Be Professional. I have had students crying in my office because of the abuse that they've gotten from crowdworkers. Please do not do that. I also do not like crowdworkers digging up my phone number and calling me at 9PM on the weekend. This causes us to be be defensive and less willing to be helpful.
I'm a recruiter for Amabooksoft Finance. When can we schedule a call?
Having tried out corporate research during my sabbatical, I can safely say that it's not for me (at least full time). The only thing that could possibly tempt me is a lab with good funding, the ability to teach/collaborate with a nearby university, excuses to visit German-speaking Europe, and freedom to publish. So unless these things are on offer, the answer is probably no.
What might be tempting for me would be: a new NLP lab in Colorado focused on publications with academic freedom, joining a publication-focused lab with academic freedom in German-speaking Europe, or a publication-focused fully remote position.
I'm interested in more creative ways of connecting up, though. Sponsor my Youtube channel (over 500k views ... where thousands of people learn about machine learning and NLP), sponsor a competition that we run for high school and college students, or let us take some old GPUs off your hands.
Oh, but this company/contractor/pet shop is different. We have a VISION. When can we grab coffee?
I'm sorry, I get a lot of these e-mails, and I'm fairly happy with my research portfolio, compensation, and flexibility. It would be unfair to my students to spend too much of my time talking to recruiters (and I've been burned in the past). If you're really serious, make it clear to me that you understand what I care about in terms of research freedom, geography, topics, and flexibility via a personal e-mail pitch.
We have a tenure-track opening at Oxbridge State, would you be interested?
Only if there's a simultaneous two body hire and a good academic research environment (particularly with strong PhD students) that can compete with the University of Maryland in the areas of machine learning and NLP.
I have an innovative solution to cloud computing / class management / office chairs.
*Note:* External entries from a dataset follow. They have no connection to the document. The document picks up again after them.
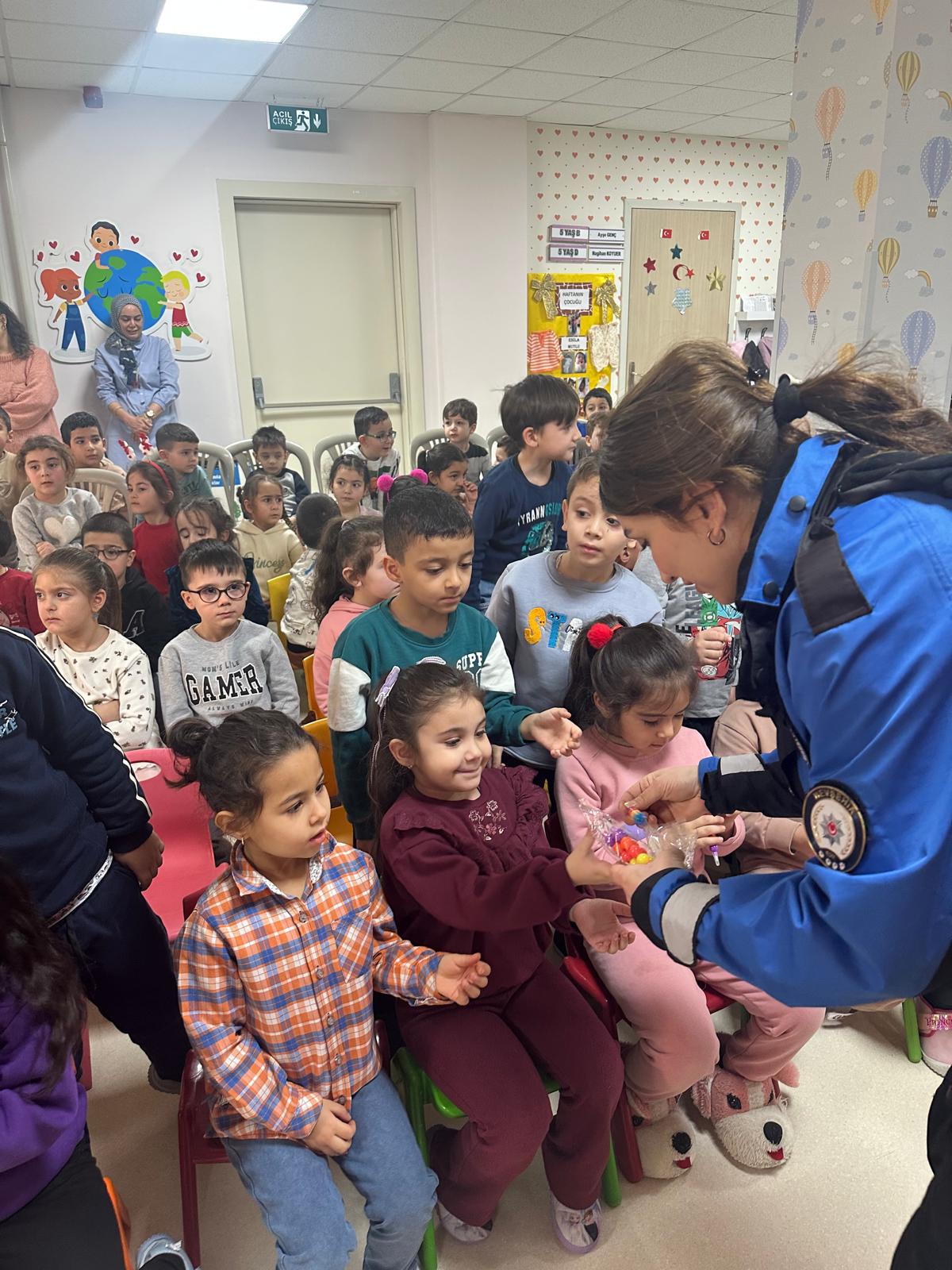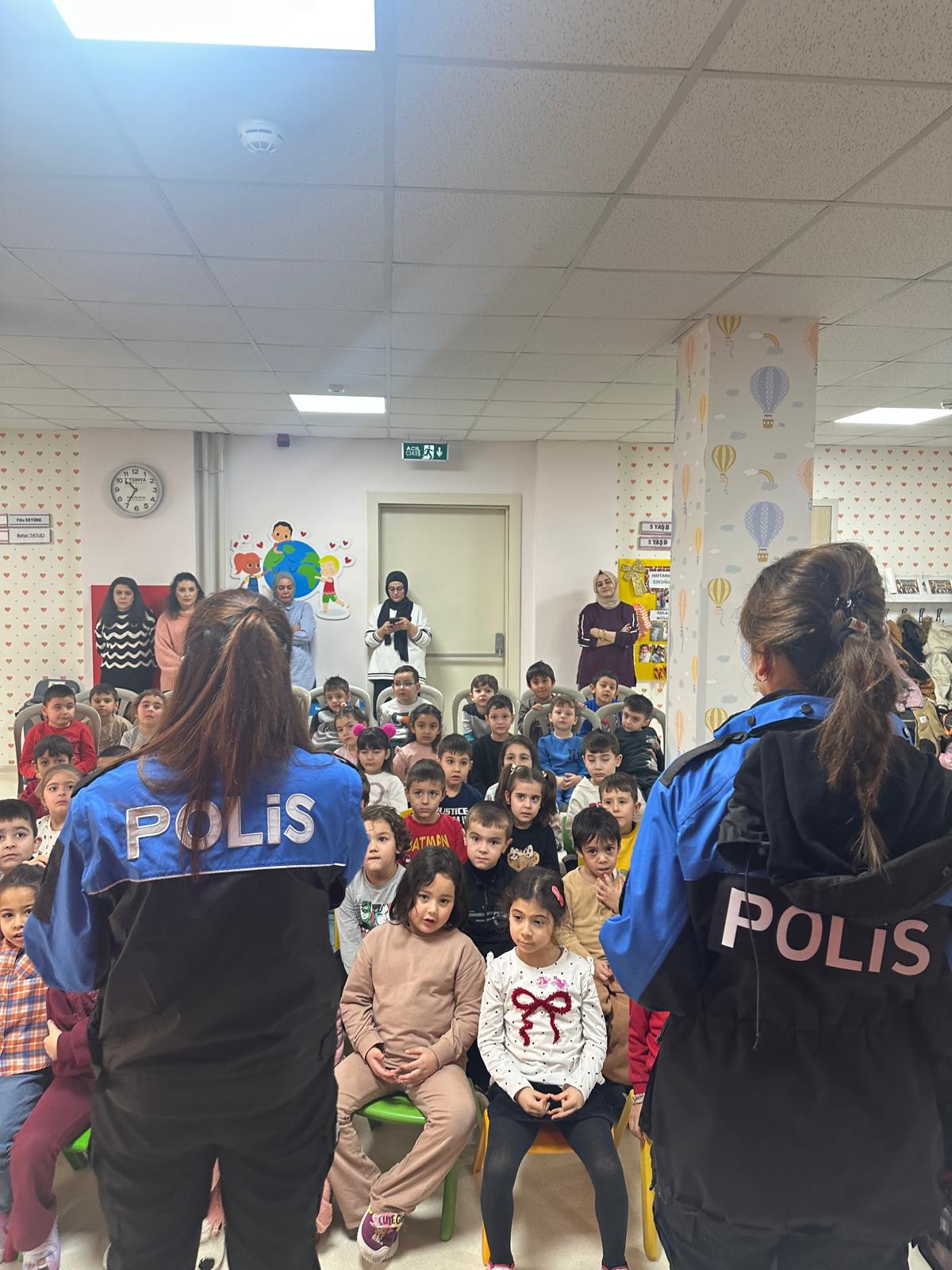 Proje kapsamında Hacı Mesut Çetin Anaokulu ziyaret edilerek, okulda öğrenim gören minik öğrencilerle “Drama Etkinliği” gerçekleştirildi. Etkinlik boyunca polis ekipleri ve öğrenciler birlikte eğlenceli vakit geçirirken, çocukların sosyal gelişimine katkı sağlayacak oyunlar ve canlandırmalar yapıldı.
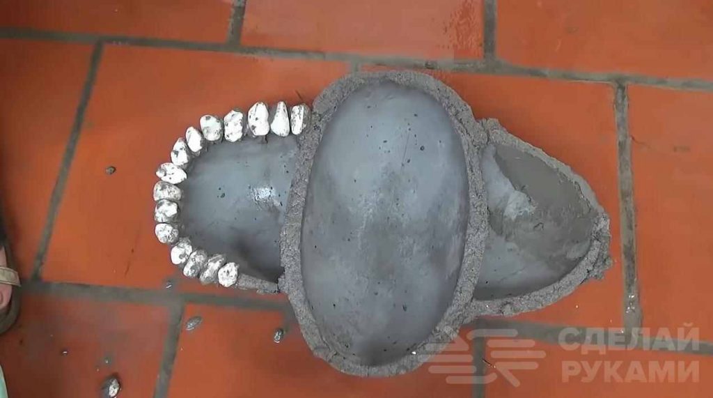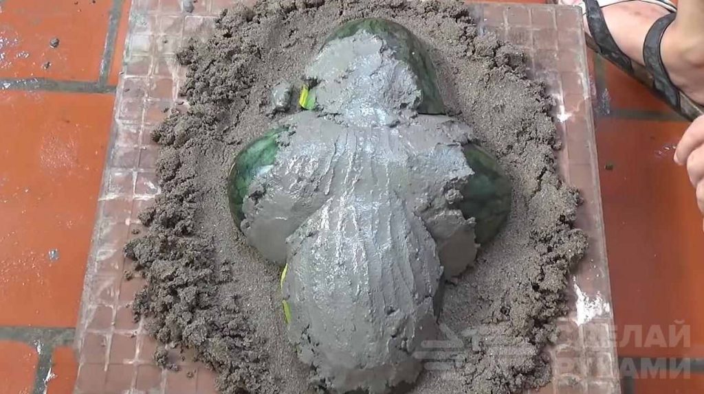 После того, как раствор схватился, арбузные корки необходимо будет аккуратно извлечь. Последний штрих — декоративное оформление. Автор решил просто украсить бетонную «форму» мелкими камешками белого цвета.
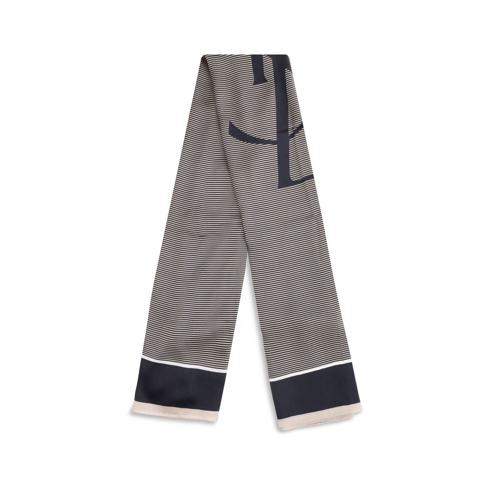 The Saint Laurent Semi-Transparent Striped Stole is distinguished by the light elegance of the fabric and the essential design. The Cassandre signature stands out in the center, while the plain border and smooth trim complete the accessory with a touch of understated sophistication.
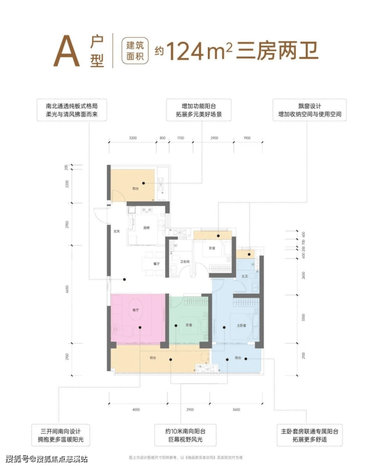 主卧套房设计,专属南向阳台空间与卫生间飘窗设计,舒适从容

When can we chat about how you can start as a customer?
I'm almost certainly the wrong person to talk to. In many cases, the University of Maryland has strict rules about procurement that prevent me from actually starting a contract with anybody. Moreover, I prefer development on open platforms that prevent lock-in with a single vendor. Most of the innovation that's relevant to our research comes from within the community; if your company isn't part of that ecosystem already, it's unlikely to be a good fit.
Moreover, we academics are pretty poor. We need to scrounge for cloud compute credits and our projects are often fairly bursty in development and usage.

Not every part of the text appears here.